### Exercise goal
In this exercise, print only the lines of the records below from the one with "Reusable physical templates: tomato, carrot, pea" through the one with "Klicken Sie auf", inclusive. Pictures are not part of the copy.

Material for this exercise below:

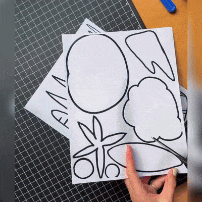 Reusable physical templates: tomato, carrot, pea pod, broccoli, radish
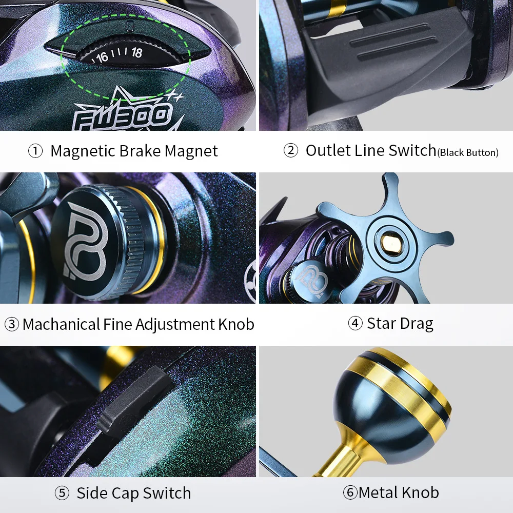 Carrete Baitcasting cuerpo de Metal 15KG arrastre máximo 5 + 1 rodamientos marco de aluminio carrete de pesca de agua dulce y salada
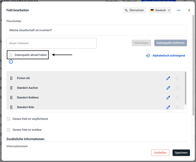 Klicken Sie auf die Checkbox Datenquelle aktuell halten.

End of Material for this exercise.
Material for this exercise below:

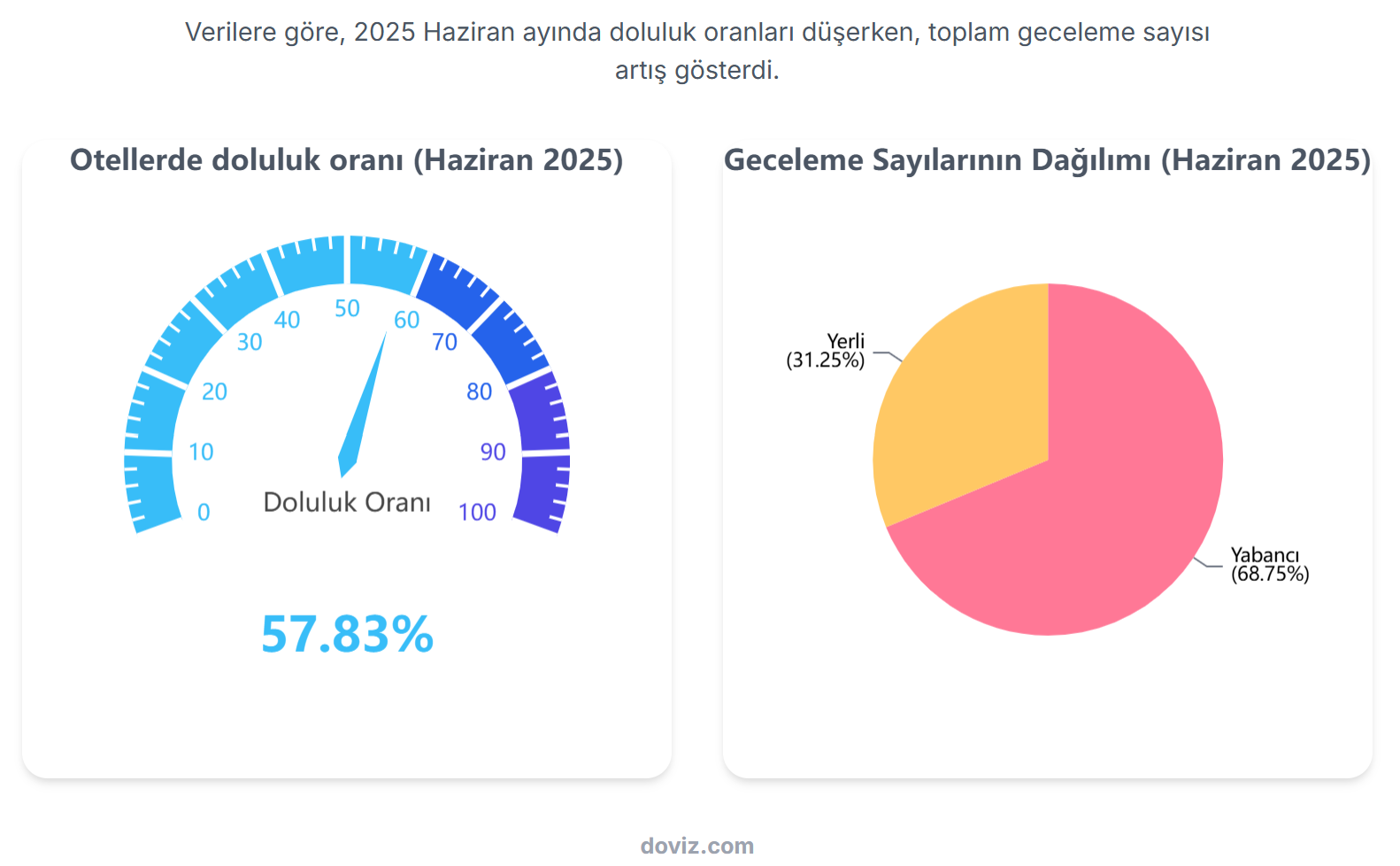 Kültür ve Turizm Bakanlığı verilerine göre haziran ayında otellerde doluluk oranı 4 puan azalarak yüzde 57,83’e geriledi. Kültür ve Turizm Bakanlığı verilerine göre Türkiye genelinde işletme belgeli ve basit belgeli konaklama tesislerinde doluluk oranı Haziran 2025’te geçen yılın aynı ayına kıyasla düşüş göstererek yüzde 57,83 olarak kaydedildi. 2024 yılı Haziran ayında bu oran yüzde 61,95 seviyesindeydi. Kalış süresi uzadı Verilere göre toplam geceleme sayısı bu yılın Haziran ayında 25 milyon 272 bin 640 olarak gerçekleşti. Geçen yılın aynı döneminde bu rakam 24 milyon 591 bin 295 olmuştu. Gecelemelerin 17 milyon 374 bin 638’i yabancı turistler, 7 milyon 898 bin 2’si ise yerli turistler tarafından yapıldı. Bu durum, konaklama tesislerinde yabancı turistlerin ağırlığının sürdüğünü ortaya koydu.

End of Material for this exercise.

### Answer to the exercise
 Reusable physical templates: tomato, carrot, pea pod, broccoli, radish
 Carrete Baitcasting cuerpo de Metal 15KG arrastre máximo 5 + 1 rodamientos marco de aluminio carrete de pesca de agua dulce y salada
 Klicken Sie auf die Checkbox Datenquelle aktuell halten.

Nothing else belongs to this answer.